Ahora, el capitán mira los ojos de Moisés fijamente.

—De esos menos aún, por mucho que el jinete insista. Los hombres llevamos la mentira en las venas, somos egoístas, pensamos siempre en nuestro beneficio. Recuerda bien lo que diré ahora, Bocas: todos mienten. Siempre.

Moisés Corvo detesta el tono paternalista que ha adoptado el capitán. No sabe lo que yo he tenido que pasar.

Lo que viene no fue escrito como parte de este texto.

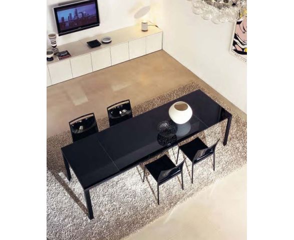 Универсальный стол Chat Double с раздвижными боками. Каркас выполнен из анодированного алюминия. Столешница доступна в стеклянном варианте или из Doluflex.
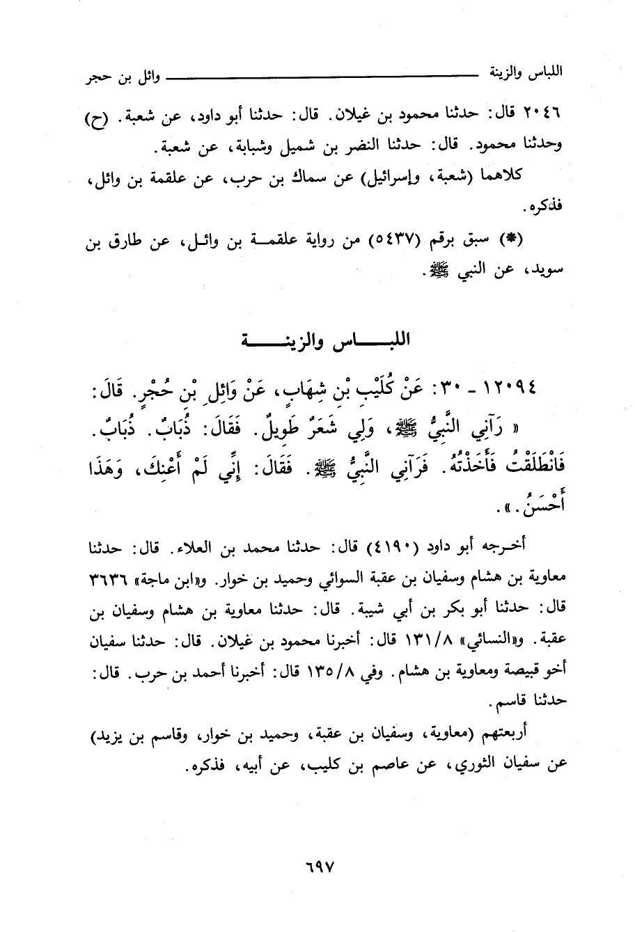١٢٠٩٤ - عَنْ كُلَيْبِ بْنِ شِهَابٍ، عَنْ وَائِلِ بْنِ حُجْرٍ، قَالَ:

No sabe qué me he encontrado antes de ir a parar a esta isla dejada de la mano de Dios. El capitán, como si tuviera la facultad de leer el pensamiento, continúa:

—Y no te creas que no sé que seguramente has sufrido mucho antes de llegar aquí. Pero mientras haya hombres sobre la Tierra, confía sólo en los caballos.

—Lo tendré en cuenta, capitán.

—Por otra parte, vigila de cerca a Bartolo. Quedas liberado de tus obligaciones hasta dentro de una semana. ¿A qué día estamos?

—Hoy es cuatro de abril.

—Pues hasta el lunes once, que el domingo es Pascua Florida. Tienes hasta el lunes para averiguar lo que puedas. El gobernador me pide un culpable, y es el tiempo máximo que te puedo dar.

—El tiempo siempre es un mal aliado.

—Eso parece. Vamos, muchacho.

Salen de la cuadra y Moisés mete la bota dentro de una de las heces de caballo todavía frescas.

—¡Joder! —exclama.

El capitán se ríe con ganas.

—Es lo que tienen los caballos. —Y, agarrando a Moisés por la nuca, dice—: Bocas, tú haz lo que te he pedido, que de recoger la mierda ya me encargo yo.